Touted as one of the perfect platform used by the largest data science community, Kaggle offers a unique peek into the data science industry.
The survey by Kaggle covers significant areas in data science, such as:
· Programming languages
· Machine learning algorithms
· Diversity, salary, and education
The latest survey, 2020, included nearly 24,000 users from across the globe, providing information regarding their opinions, behavior, and demographics.
Every year Kaggle conducts a survey to explore topics and trends that matters the most to specific groups.
Since we’re already at the beginning of another year, we will specifically discuss the survey from previous years — 2017, 2018, 2019, and 2020.
You would be amazed to see the outcome of the survey.
With new techniques and algorithms accelerating at a breakneck speed, the survey showcases whether new techniques will continue to replace the old techniques or perhaps be a part of the existing technique.
· Ever since the surveys started taking place, the number of respondents has been at an all-time high. The survey ensured to maintain participants between 17,000 to 24,000 every year.
· Out of which, nearly 2,400 to 4,100 respondents identified had “data scientist” as their job title.
Besides data scientists, we could also see other job titles who responded to the survey such as “data analysts” and “business analysts” — however, both titles have been amalgamated into one category. For various reasons, job titles such as machine learning engineer have appeared only in the 2017 and 2020 survey. Therefore, you won’t be seeing it in the other years (2018 and 2019).

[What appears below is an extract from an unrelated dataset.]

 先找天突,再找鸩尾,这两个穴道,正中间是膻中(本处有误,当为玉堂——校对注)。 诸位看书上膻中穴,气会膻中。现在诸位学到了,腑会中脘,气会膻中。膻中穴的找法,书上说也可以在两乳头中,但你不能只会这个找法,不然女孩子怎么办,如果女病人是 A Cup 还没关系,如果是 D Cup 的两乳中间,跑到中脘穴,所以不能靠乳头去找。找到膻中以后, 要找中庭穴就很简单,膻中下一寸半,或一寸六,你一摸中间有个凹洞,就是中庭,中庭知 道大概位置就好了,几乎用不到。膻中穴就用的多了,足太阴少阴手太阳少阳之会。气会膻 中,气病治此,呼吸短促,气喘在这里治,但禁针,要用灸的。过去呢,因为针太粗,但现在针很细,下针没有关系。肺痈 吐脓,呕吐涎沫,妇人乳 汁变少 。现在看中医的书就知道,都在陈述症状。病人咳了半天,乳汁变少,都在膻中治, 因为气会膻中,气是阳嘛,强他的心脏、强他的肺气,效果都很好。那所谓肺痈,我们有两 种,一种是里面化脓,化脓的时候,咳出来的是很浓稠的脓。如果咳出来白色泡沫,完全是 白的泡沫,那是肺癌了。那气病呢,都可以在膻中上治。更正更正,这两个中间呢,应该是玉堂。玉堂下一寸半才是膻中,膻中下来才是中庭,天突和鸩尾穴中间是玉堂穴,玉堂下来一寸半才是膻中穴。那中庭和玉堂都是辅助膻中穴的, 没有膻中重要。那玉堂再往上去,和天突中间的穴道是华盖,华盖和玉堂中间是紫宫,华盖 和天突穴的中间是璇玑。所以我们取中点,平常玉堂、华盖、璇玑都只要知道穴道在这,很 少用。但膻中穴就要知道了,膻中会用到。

The survey helps users analyze trends and technologies in the data science and big data analytics industry. More so, such surveys can help aspiring data science professionals, machine learning engineers or big data analysts better understand the trends.

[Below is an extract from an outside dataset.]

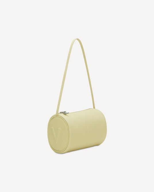 [10周年記念バッグ] Bivi ¥33,000(税込)コンパクトなバレル型バッグの「Bivi(ビビ)」。立体のシルエットを打ち出したクリーンなデザインで、側面にはブランドを象徴する“V”をポイントに、ジッパーの引き手にはノットの金具をあしらいました。そのままストレートにお使いいただくのはもちろん、華奢なショルダーにチャームをつけて強めのアティテュードを演出するのもオススメ。ブランド10周年のタイミングにふさわしい、ファッションのユーモアを謳うアイテムです。

Let us further delve deeper and briefly talk about the significant areas covered in these surveys.
Most often, a big data analyst stays confused in deciding which programming language to learn to get into data science.

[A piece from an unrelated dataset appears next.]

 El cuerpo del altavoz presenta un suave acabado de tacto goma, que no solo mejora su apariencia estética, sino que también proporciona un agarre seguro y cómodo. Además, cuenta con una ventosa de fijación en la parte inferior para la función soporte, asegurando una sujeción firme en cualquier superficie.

Going by the survey, most of the data scientists preferred using Python.
As a result of the survey, more than 78 percent of the data scientist, machine learning engineers, and software engineers reported they were comfortable with Python.
While even for business and data analysts, the usage of Python consistently grew from 61 percent to 87 percent.
Another programming language that was most preferred by data scientists was R. However, the percentage of data scientists using R dropped by more than 33 percentage points ranging from 64 percent to 23 percent.
Overall, Python consistently continued to be the most preferred programming language by data scientists, machine learning engineers, business analysts, and data analysts over the past four years.
Data science techniques involving data analysis and predictions are the heart of data science.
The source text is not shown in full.